I personally wouldn't bother going for the 88% discount myself, too much policy saving; I'd rather have honor, piety, patronage, or rationalism policies. But that's just me.
 
Welcome to the forums.

Yeah, I noticed it, too, but generally don't want to go for Autocracy. The number of units you really need to get an advance going is pretty low anyways (<10) so it's not worth the policy cost in my opinion. I'll just buy the units I need or produce them in a high-production city.

Having the Big Ben and Mercantilism bonus is pretty nice, though.
 
This isn't exactly an exploit if you think of it from the point of view of say, a coupon. Let's say one coupon takes off $1 and another coupon takes off $2. The original cost is $5, so together, you pay $2 for the product. Naturally, $1 of $5 is 20%, and $2 of $5 is 40%. If we look at it that way, removing 20% takes us from $5 to $4, then removing 40% (of $4) takes us down to $2.40. So although it gives percentages, just think of them as coupons for fixed costs... IE, the tank that costs 920, and you have a coupon for $184 and it stacks with your $303 coupon.
 
This isn't exactly an exploit if you think of it from the point of view of say, a coupon. Let's say one coupon takes off $1 and another coupon takes off $2. The original cost is $5, so together, you pay $2 for the product. Naturally, $1 of $5 is 20%, and $2 of $5 is 40%. If we look at it that way, removing 20% takes us from $5 to $4, then removing 40% (of $4) takes us down to $2.40. So although it gives percentages, just think of them as coupons for fixed costs... IE, the tank that costs 920, and you have a coupon for $184 and it stacks with your $303 coupon.

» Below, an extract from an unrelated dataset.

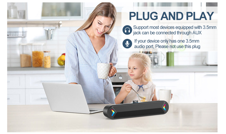 • Stereo and Noiseless:The PC speaker uses upgraded 2x5W technology to deliver the clear and crystal sound .The soundbar speaker can enhance your listening experience when you enjoying indoor movies, videos, music and games.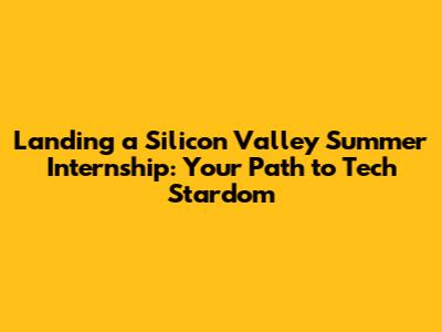 Landing A Silicon Valley Summer Internship: Your Path To Tech Stardom

Heh, and that's why they never let you combine offers in stores ;).

It isn't an exploit in my way of thinking either, since it is pretty clear that's what it is supposed to do, and because it requires a lot of work to actually get. Wonders can't completely be counted on. The cost of no SP's until industrialism is not actually negligible.
 
Heh, and that's why they never let you combine offers in stores ;).

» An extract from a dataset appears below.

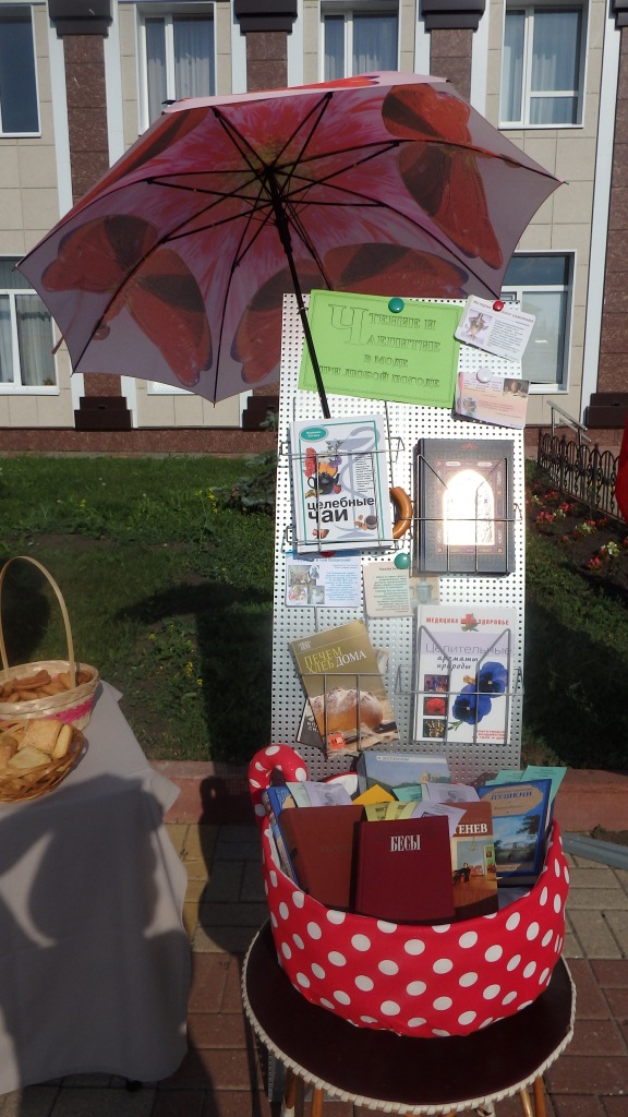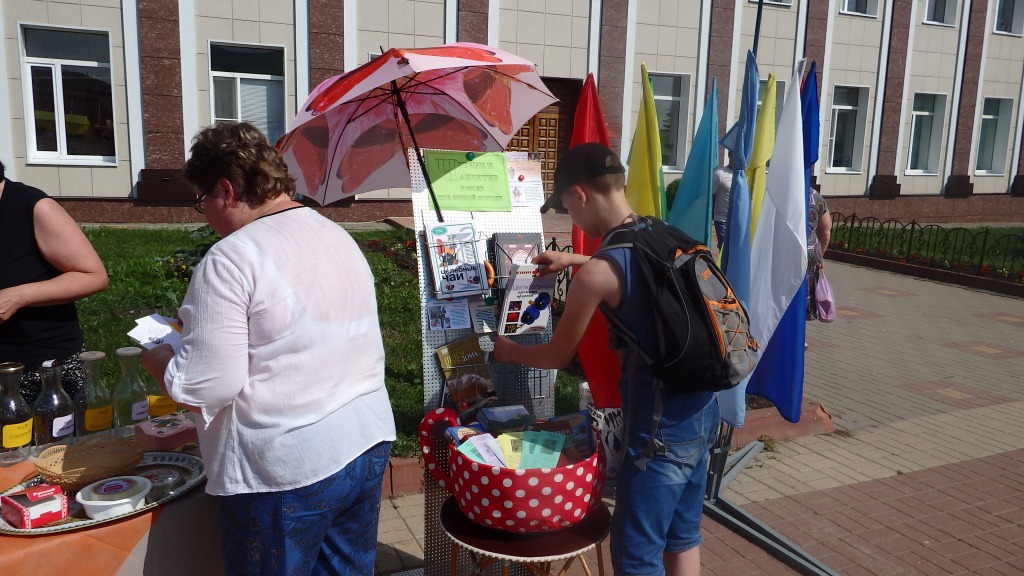 В день России в райцентре состоялся событийный фестиваль «Краснинский самовар» ставший одним из любимых летних развлечений для краснинцев и гостей района. Краснинская библиотека ежегодно принимает участие в фестивале. В этот раз были подготовлены тематические книжные выставки, сладкий стол с чаем и угощениями, вязаными атрибутами для чаепития, выполненные участниками клуба «Петелька» под руководством О. Логачевой.

It isn't an exploit in my way of thinking either, since it is pretty clear that's what it is supposed to do, and because it requires a lot of work to actually get. Wonders can't completely be counted on. The cost of no SP's until industrialism is not actually negligible.

It's not as though you need to hoard all your SPs until industrialism. You can just hang on to 2 of them.
 
Im not sure, but how does this 88% effect unit buying? Because if you can buy units for 12% of their original price and disband them .. you might even gain money out of that. Well.. just wondering..
 
hm it is probably widely known by now that additive persentage reductions are very bad for gameplay.
And sosial policies are cheap if you go with alot of puppet states.
You need to consider that going with puppet states and tradeposts, the problem is building enough military units and not maintaince.

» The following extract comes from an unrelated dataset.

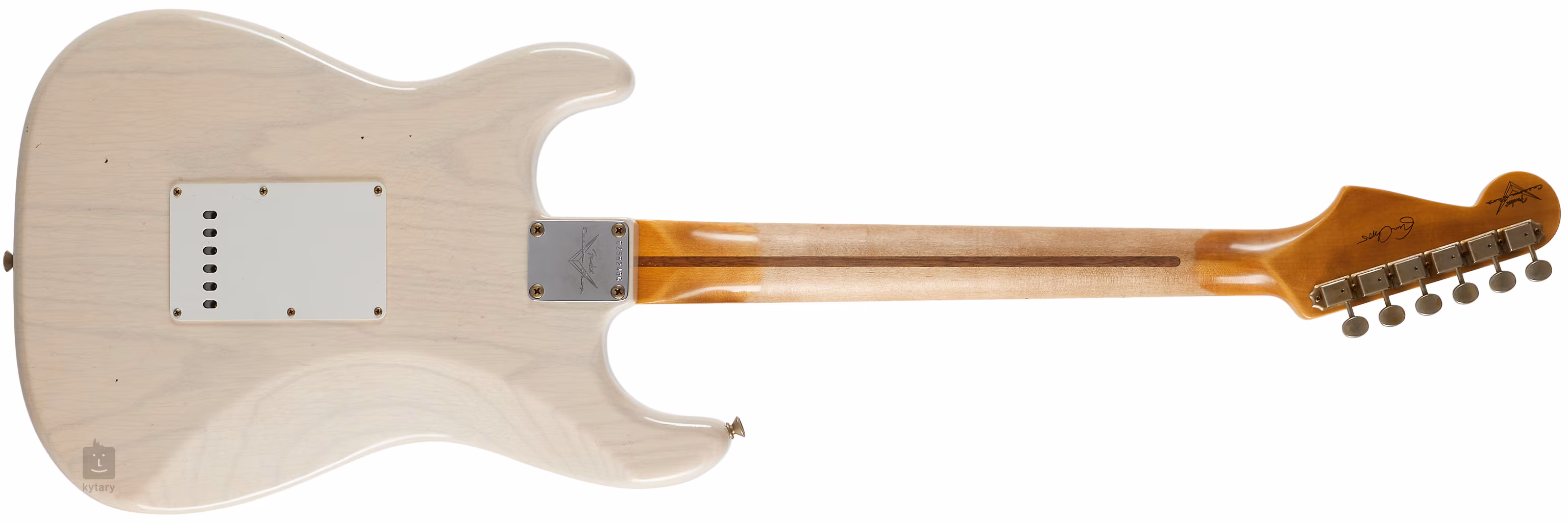 Les cordes sont montées sur des mécaniques de style vintage et un trémolo American Vintage verrouillé. Le style est accentué par un pickguard Eggshell simple couche et la signature d'Eric Clapton sur la tête de manche.

Civ 5 is very badly balanced, ai is broken on sea(they cannot do a naval invasion or even settle another continent).

also graineries and water wheels are very high cost per benefit. maritime city states are good, especially for siam.

if you are ever doing a game with persentage increases and reductions, use multiplicative reductions and additive increases.
it lessons the effects of stacking bonuses.